## Your objective
Without any of its pictures, the listing below should be output exactly.

## Source material

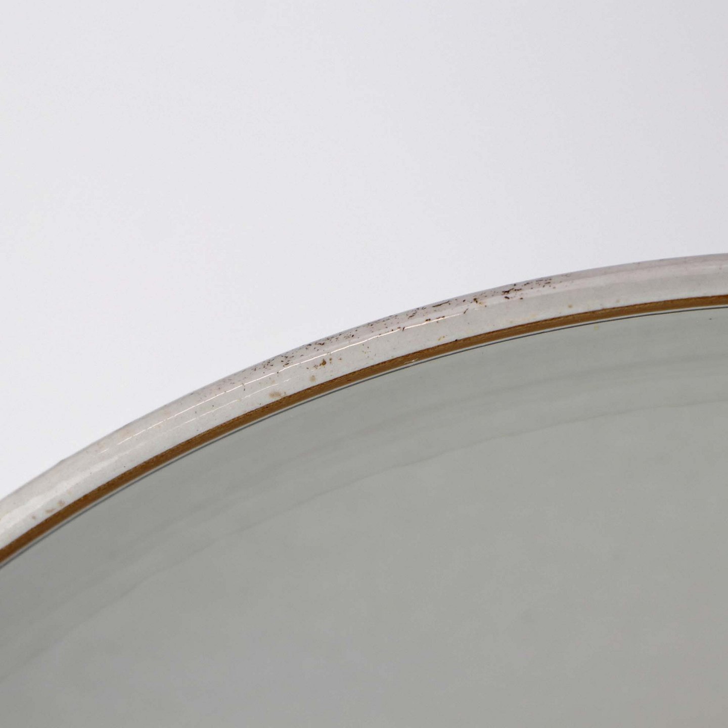Fremstår med tre mindre misfavninger under glasuren, sorte nister og ujævnhed i glasuren.
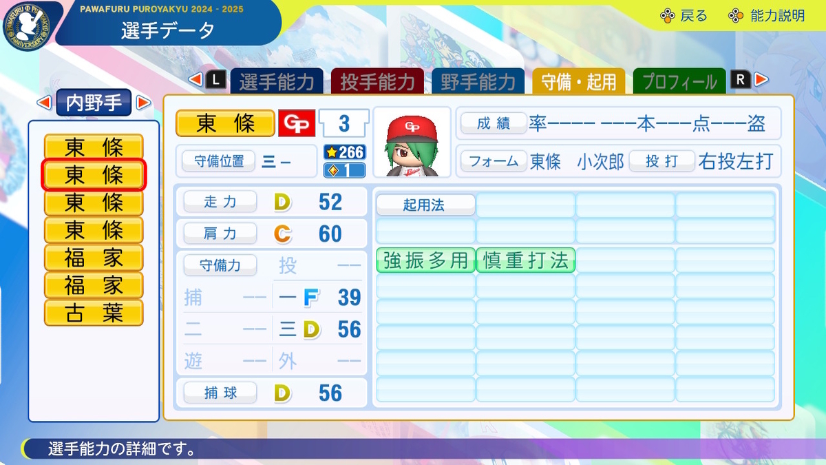 【パワプロ2024-2025】東條小次郎【サクセスキャラ作成】
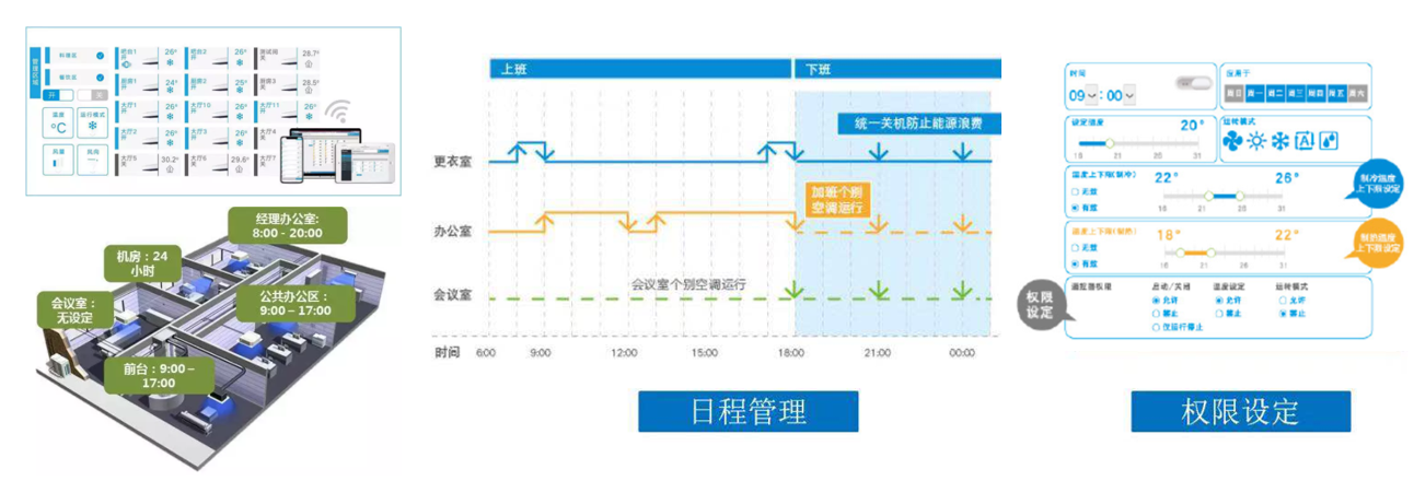 根據日常使用情況可對空調進行日程設定,避免每日手動開關的繁瑣工作,更能有效減免空調忘關造成的能源浪費。而權限設定既可保持靈活的溫度調節性,又能防止無關人員隨意調控空調的情況。

## Exercise solution
Fremstår med tre mindre misfavninger under glasuren, sorte nister og ujævnhed i glasuren.
 【パワプロ2024-2025】東條小次郎【サクセスキャラ作成】
 根據日常使用情況可對空調進行日程設定,避免每日手動開關的繁瑣工作,更能有效減免空調忘關造成的能源浪費。而權限設定既可保持靈活的溫度調節性,又能防止無關人員隨意調控空調的情況。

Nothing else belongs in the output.